The first Zomercarnaval was held on August 4, 1984, in Rotterdam to allow residents to experience Carnival as celebrated in warmer climates, with the West Indies being a predominant influence. Zomercarnaval Rotterdam has become a multi-day event that attracts almost one million visitors every year.

Although the street parade attracts the most visitors the Zomercarnaval is a multi-day event. A week prior to the street parade the new Queen is elected in the official Zomercarnaval Queen Election. On the Thursday after the election the Zomercarnaval Beach Party is held at the Stand aan de Maas, a small beach created in the city center of Rotterdam.
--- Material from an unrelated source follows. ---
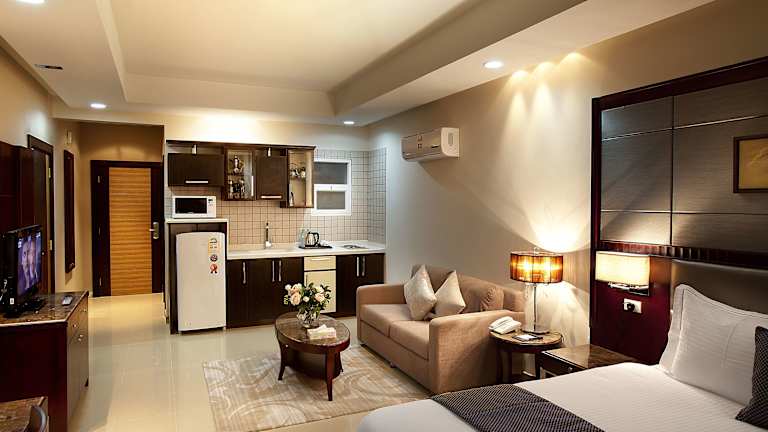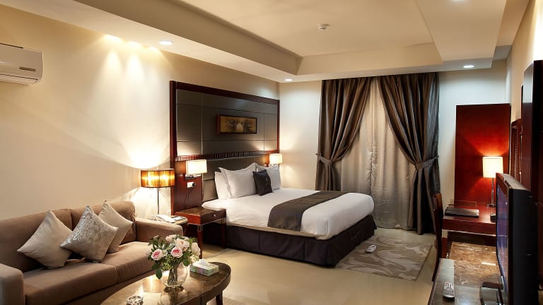 Das Intour Qurtoba Hotel Suites befindet sich in Riad, etwa 12 Kilometer vom Stadtzentrum, dem Flughafen und dem Bahnhof entfernt.

Several brass bands and DJ's show up and the newly chosen Queen is also present. On Friday evening the Battle of Drums is held, an event in which several brass bands compete to be named the official Zomercarnaval brass band and earn a spot in the parade the day after as well as in the Notting Hill Carnival in London. The preliminaries for the Battle of Drums are held at the Dunya Festival in Rotterdam. The street parade which is always held on Saturday includes brass bands and thousands of dancers. During and after the street parade there are two live on stage concerts at the Coolsingel and the Churchillplein until late in the evening.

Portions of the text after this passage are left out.